----- Input data -----
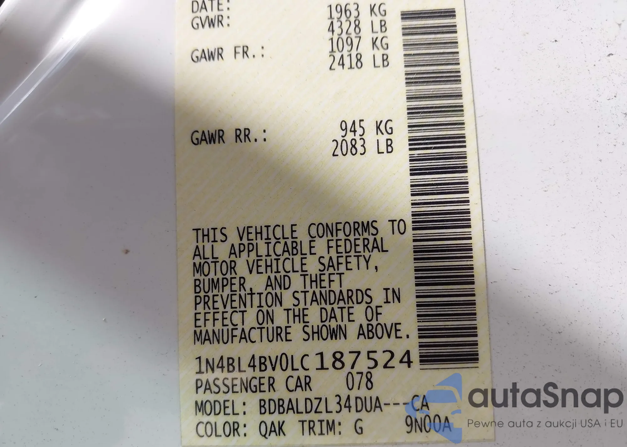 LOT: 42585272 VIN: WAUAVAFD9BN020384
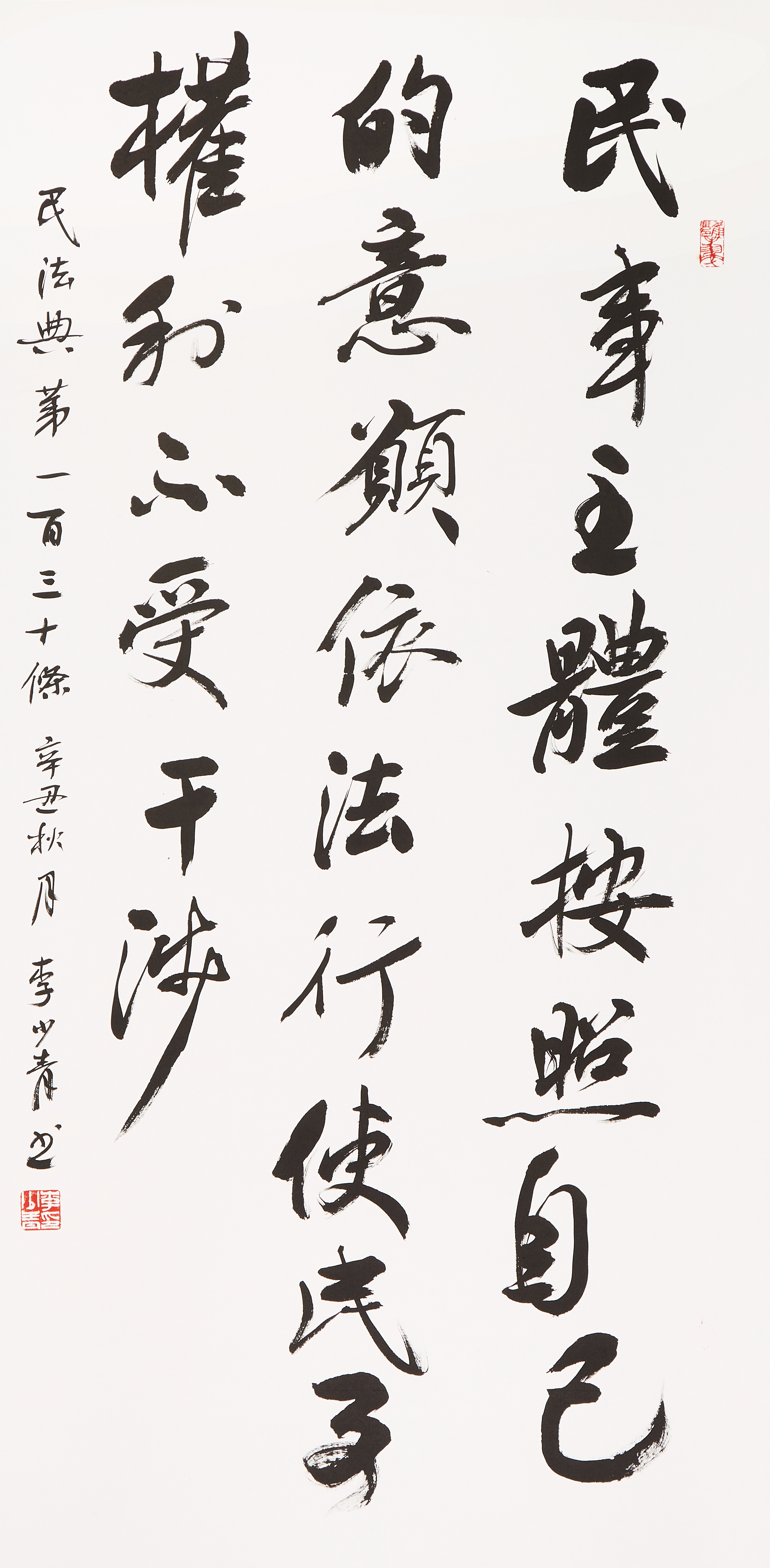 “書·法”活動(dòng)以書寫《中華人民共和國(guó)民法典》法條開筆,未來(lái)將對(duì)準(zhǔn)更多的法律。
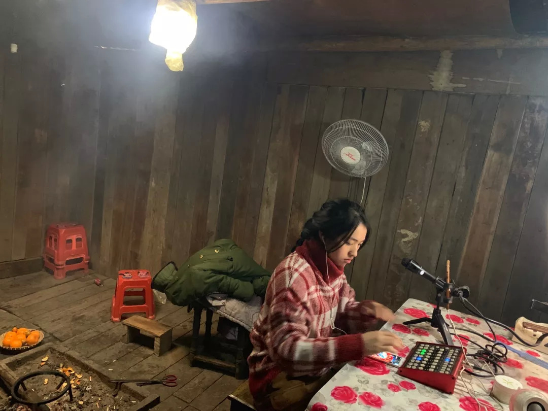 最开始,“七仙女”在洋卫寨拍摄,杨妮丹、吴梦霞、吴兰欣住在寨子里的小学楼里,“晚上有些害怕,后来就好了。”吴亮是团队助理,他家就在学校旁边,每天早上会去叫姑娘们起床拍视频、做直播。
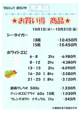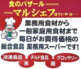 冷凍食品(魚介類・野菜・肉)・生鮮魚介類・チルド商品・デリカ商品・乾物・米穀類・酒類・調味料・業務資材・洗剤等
-----
Work required
Copy the whole listing above word for word but do not carry over the pictures.

Response for this exercise
 LOT: 42585272 VIN: WAUAVAFD9BN020384
 “書·法”活動(dòng)以書寫《中華人民共和國(guó)民法典》法條開筆,未來(lái)將對(duì)準(zhǔn)更多的法律。
 最开始,“七仙女”在洋卫寨拍摄,杨妮丹、吴梦霞、吴兰欣住在寨子里的小学楼里,“晚上有些害怕,后来就好了。”吴亮是团队助理,他家就在学校旁边,每天早上会去叫姑娘们起床拍视频、做直播。
 冷凍食品(魚介類・野菜・肉)・生鮮魚介類・チルド商品・デリカ商品・乾物・米穀類・酒類・調味料・業務資材・洗剤等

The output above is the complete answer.